Unveiling multi-domain signatures of EEG oscillations using a fully-interpretable convolutional neural network
1Department of Electrical, Electronic and Information Engineering "Guglielmo Marconi" (DEI), University of Bologna, Cesena, Forlì-Cesena, Italy.
Computer Methods and Programs in Biomedicine
|August 20, 2025
Summary
This study introduces a novel, interpretable deep learning framework for analyzing electroencephalographic (EEG) brain oscillations. The approach automatically identifies key frequency, spatial, and temporal patterns, enhancing brain function analysis.
Area of Science:
- Neuroscience
- Computational Neuroscience
- Signal Processing
Background:
- Analysis of neural oscillations using electroencephalography (EEG) is crucial for understanding brain function.
- Traditional EEG analysis methods face limitations in quality, reproducibility, and reliability due to manual processing choices and dimensionality reduction.
- A need exists for automated, end-to-end approaches to analyze EEG oscillations with minimal prior assumptions.
Purpose of the Study:
- To develop a novel, fully-interpretable deep learning framework for characterizing neural oscillations in EEG signals.
- To automatically identify optimal processing strategies for minimally pre-processed EEG data.

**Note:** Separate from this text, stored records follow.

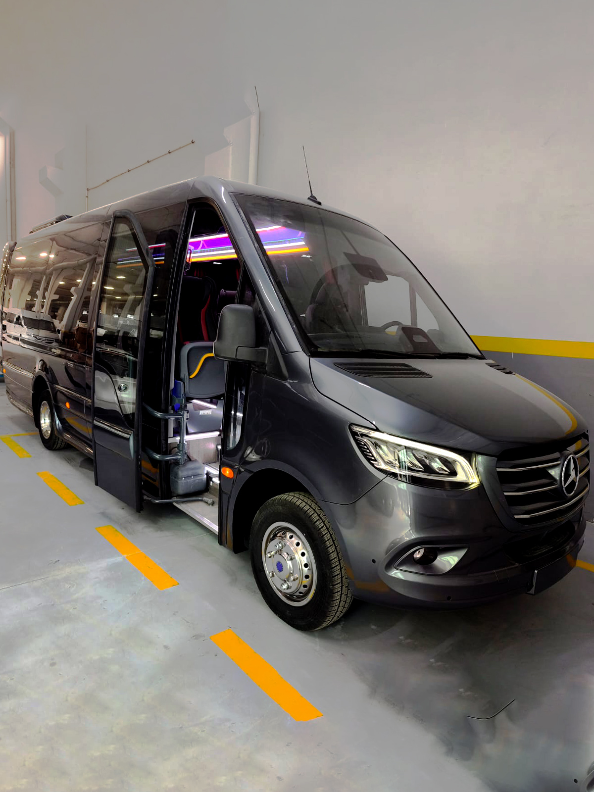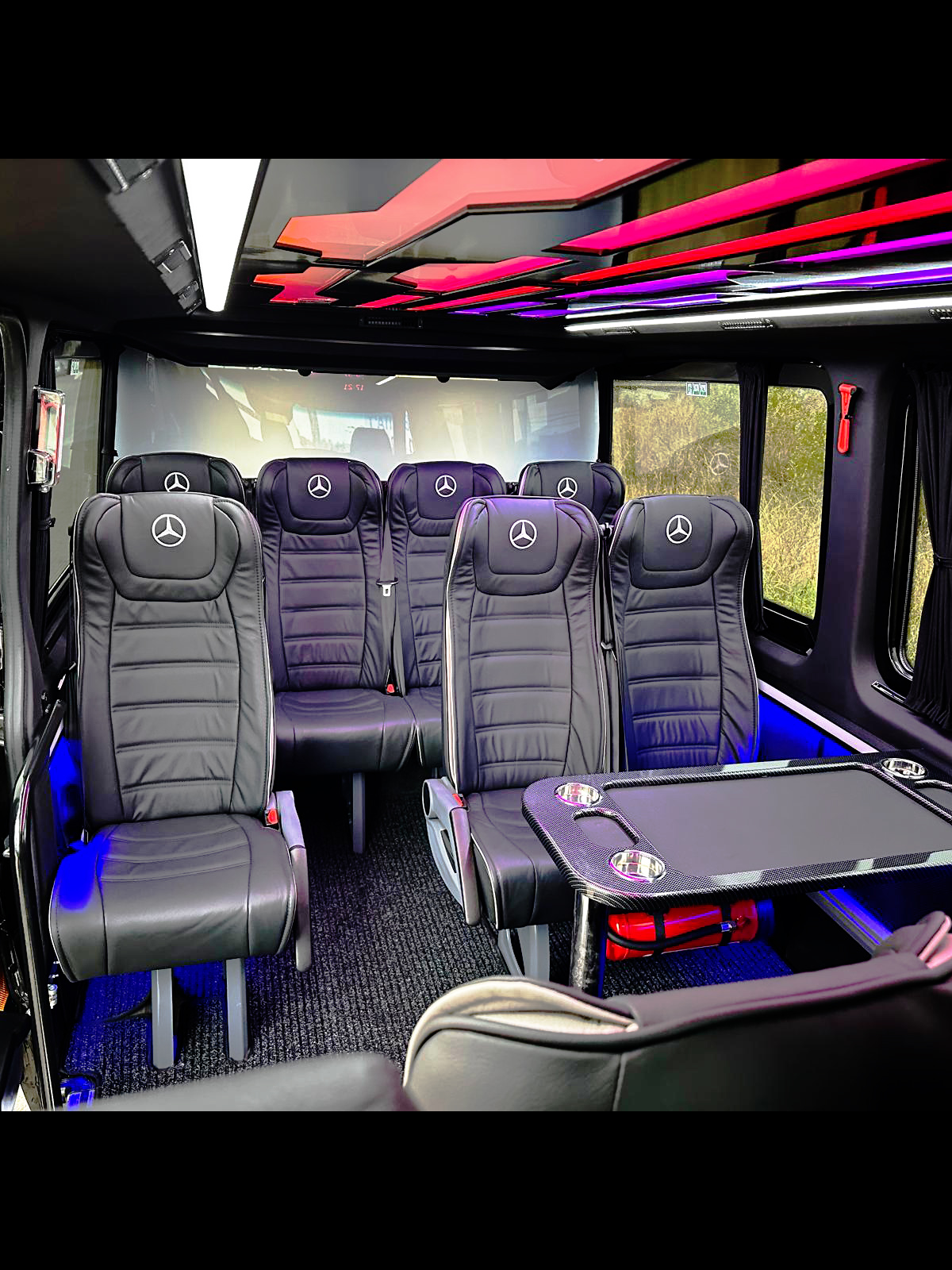 Our Mercedes-Benz minibuses have been designed to the highest standards of VIP comfort, merging elegance and functionality in every journey. Every detail has been carefully selected to offer an unparalleled travel experience.
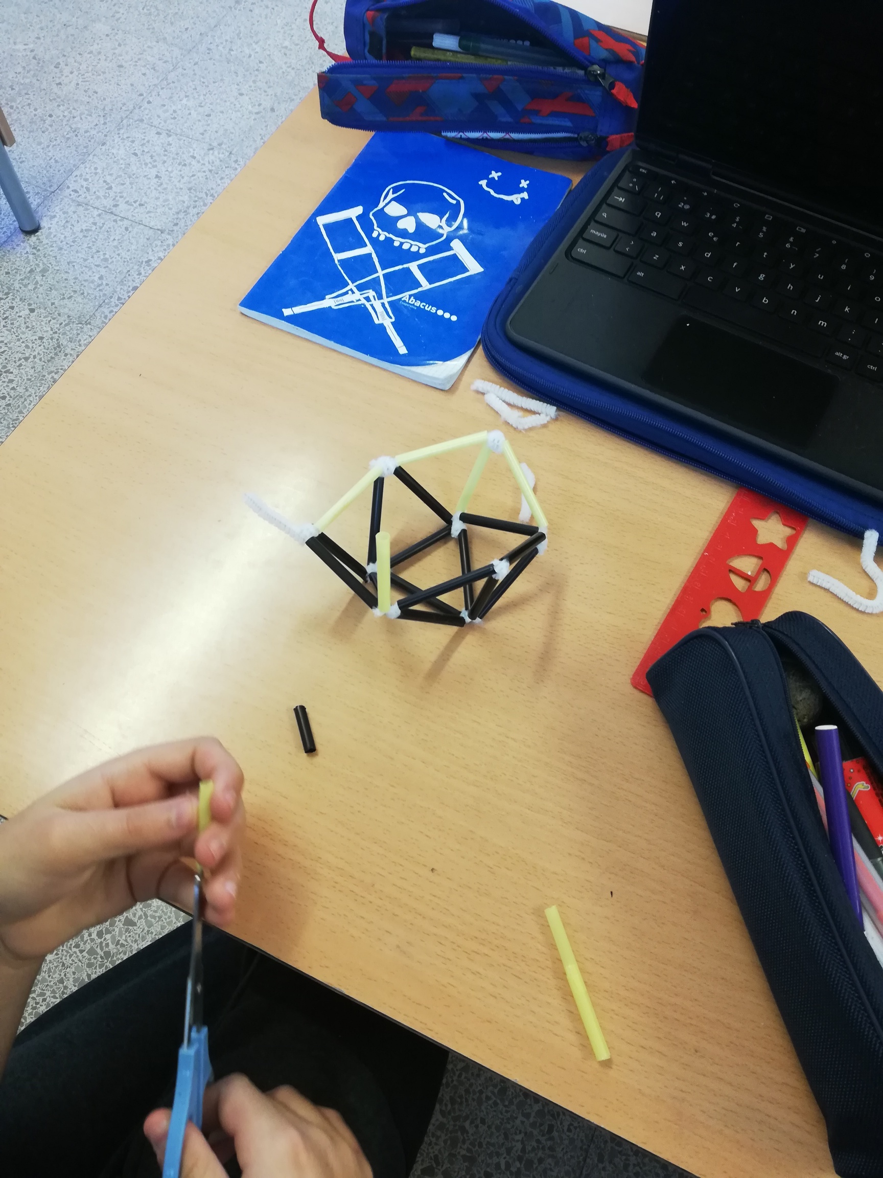 En la segona meitat del trimestre hem treballat els poliedres, principalment els sòlids platònics, des de varies vessants. Vam començar l’ús de l’eina informàtica Geogebra per a la creació virtual d’aquestes figures per a continuació fer el salt abstracte a llenguatge matemàtic del volum i superfície en tres dimensions. I per acabar, hem dedicat esforços a la creació real i manipulativa dels diferents sòlids platònics que decoren la classe durant aquests dies.
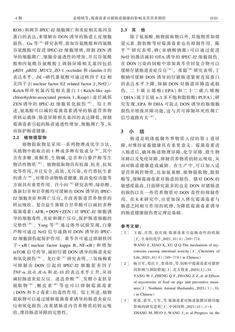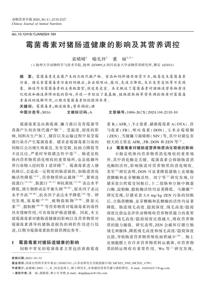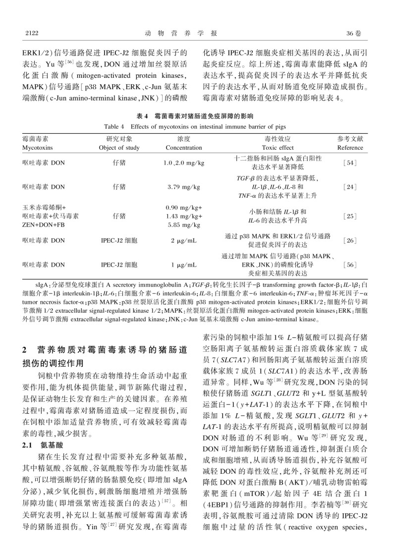 霉菌毒素对猪肠道健康的影响及其营养调控
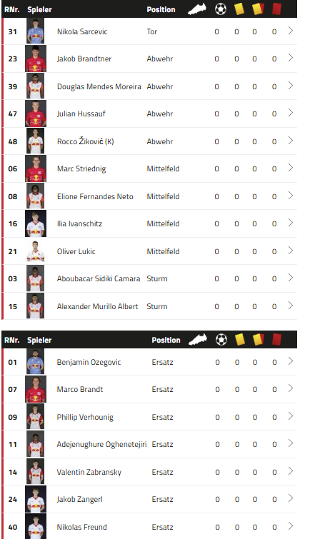 salzmann https://www.oefb.at/bewerbe/Spiel/Aufstellung/3886056/?FC-Liefering-vs-KSV-1919 Entwarnung bei Lukic. Nach seiner verletzungsbedingten Auswechslung letzte Woche ist er heute wieder mit dabei. Außerdem steht Neto heute in der Startelf
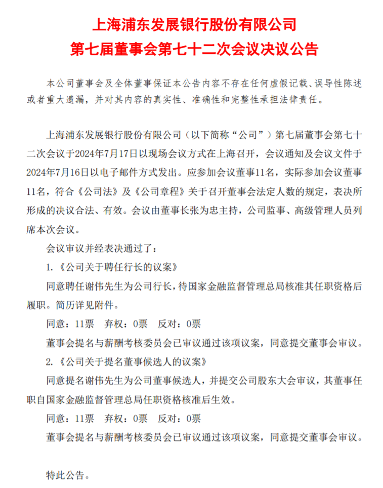 浦发银行原党委委员、副行长谢伟,成为了新行长。
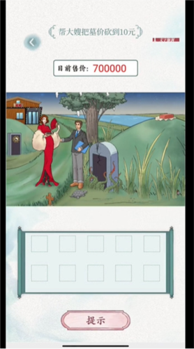 1,首先是了解到这一关是需要帮助大嫂墓地价格砍价到10元。
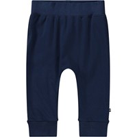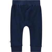 Marineblå bukser til de mindste lavet af blødt økologisk bomuldsjersey. Bukserne har en bred elastisk rib ved talje og benafslutning, hvilket gør dem behagelige at have på og giver masser af bevægelsesfrihed.
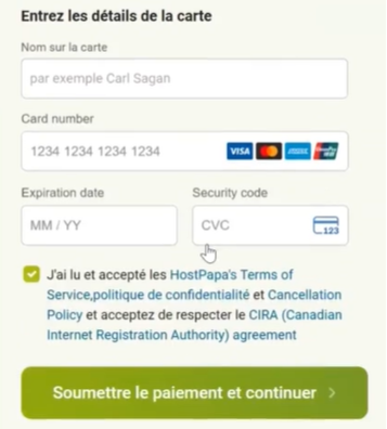 - Complétez également les détails de la carte de crédit, cochez la case des termes et conditions et cliquez sur "Soumettre le paiement et continuer".
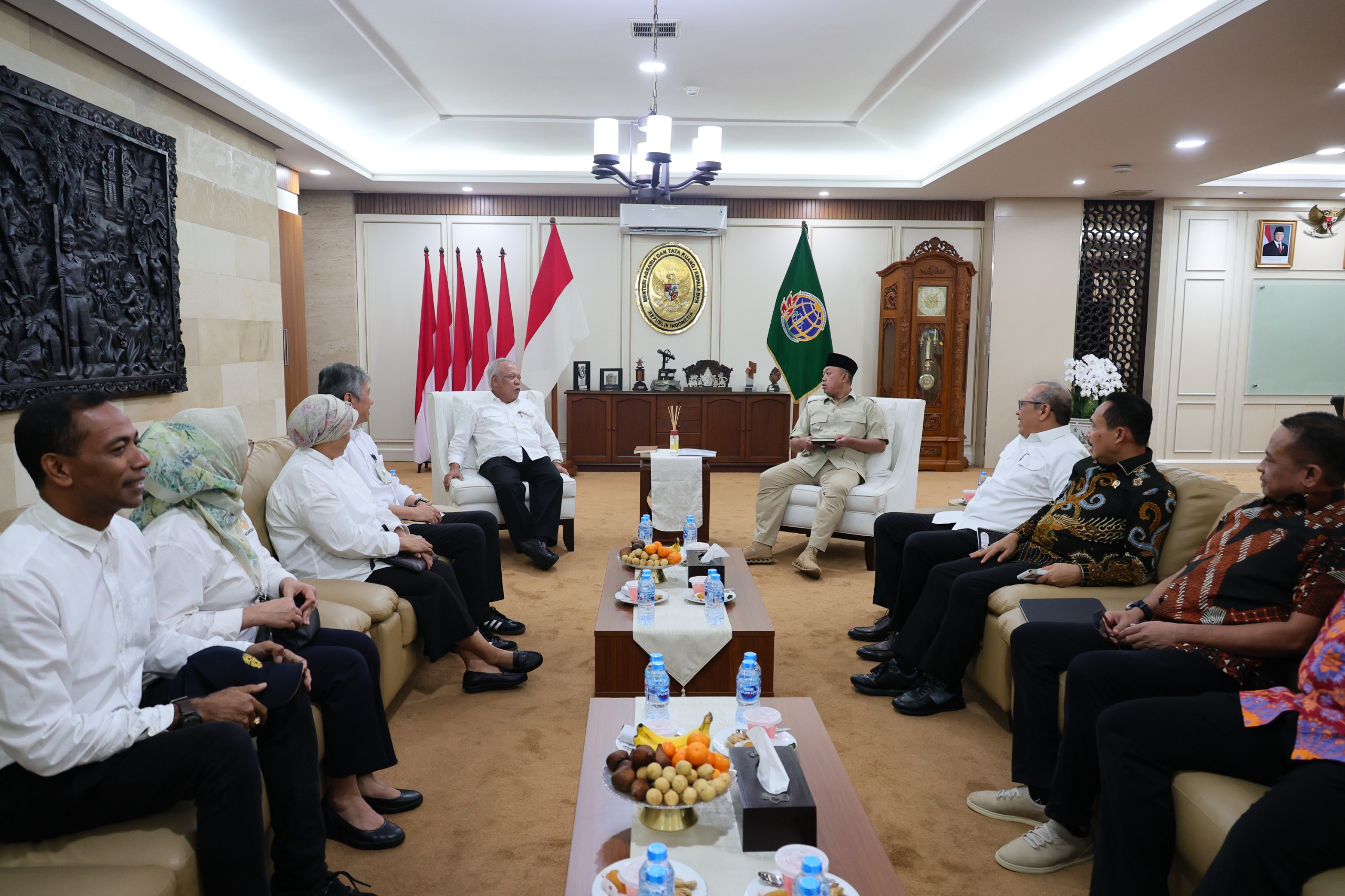 Turut serta dalam pertemuan ini, Sekretaris Jenderal Kementerian ATR/BPN, Suyus Windayana; Direktur Jenderal Penanganan Sengketa dan Konflik Pertanahan (PSKP), Iljas Tedjo Prijono; Direktur Jenderal Penetapan Hak dan Pendaftaran Tanah (PHPT), Asnaedi; serta Direktur Jenderal Survei dan Pemetaan Pertanahan dan Ruang (SPPR), Virgo Errsta Jaya. (MW/JR/NA)

- To reveal salient signatures of brain oscillations across frequency, spatial, and temporal domains.
Main Methods:
- A novel framework utilizing a fully-interpretable convolutional neural network (CNN) was designed.
- The CNN learns a bank of bandpass filters for minimally pre-processed EEG signals.
- Frequency-specific spatial and temporal filtering identifies salient features, processed to reveal meaningful EEG signatures.
Main Results:
- The framework was successfully applied to real-world data from motor imagery tasks.
- The approach identified known modulations of brain oscillations during motor imagery, consistent with classic analyses.
- The alpha band (8-13 Hz), motor-related electrodes, and time samples near the cue were identified as most significant.
Conclusions:
- The proposed framework offers an automatic, optimal, and end-to-end method for characterizing brain oscillations.
- This approach can significantly enhance the understanding of brain functions in both healthy individuals and patients.
- It holds potential for tracking neuropathological alterations through EEG signal analysis.